When voter-backed term limits on politicians were sweeping across the nation in the 1990s, many believed that more opportunities would open up for women.
But term limits have swept women out of office right along with men and, history has shown, it’s difficult to recruit women candidates to replace them, said Debbie Walsh, director of the Center for American Women and Politics at Rutgers University.
Walsh said longer or no term limits might be better for women. Those in power would stay in office longer, and advocates could focus on winning “slow steady growth” for women as political vacancies open up, she said.
“When women run, they win at about the same rate as men,” Walsh said. “We just need to get women to run.”
“One would have to be really oblivious not to have reservations about stepping into the political meat market,” Kamenir-Reznik said. “It’s not a particularly easy thing to do. It takes an enormous commitment. And you know people are going to throw dirt at you, even though there’s not a lot of dirt, or any dirt, to throw.”

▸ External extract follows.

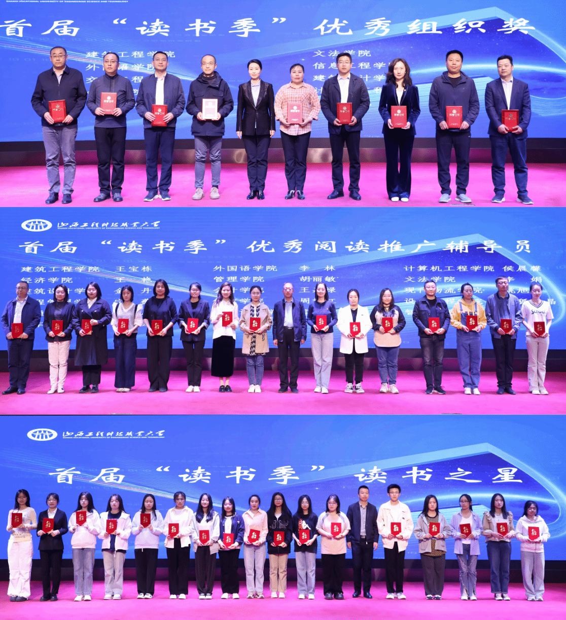 大会宣读了关于学校首届“读书季”的表彰决定。石瑛、郭文彦、图书馆副馆长马小培分别为受表彰的建筑工程学院等10个优秀组织奖、建工2301B班等18个“书香班级”、王宝栋等17名优秀阅读推广辅导员和范智芳等53名荣获“读书之星”称号的学生颁发了荣誉证书。获奖的优秀集体和先进个人代表分别进行了发言。

Shawnda Westly, a senior strategist for the California Democratic Party, says a boys’ club aspect of politics is one of the primary culprits. She is an active member of “Win Like a Girl,” a bipartisan organization that supports women in government and politics throughout California and tries to raise the public profile of women in the political field. Men still dominate the leadership in the parties and political organizations and, by and large, decide who gets recruited to run for office and who gets financial support.
“I believe that part of the systemic problem in the business of politics is the inherent sexism,” she said. “I really believe it’s because we don’t have enough seats at the table for making decisions on endorsements and spending.”
Times Staff Writer Javier Panzar contributed to this report.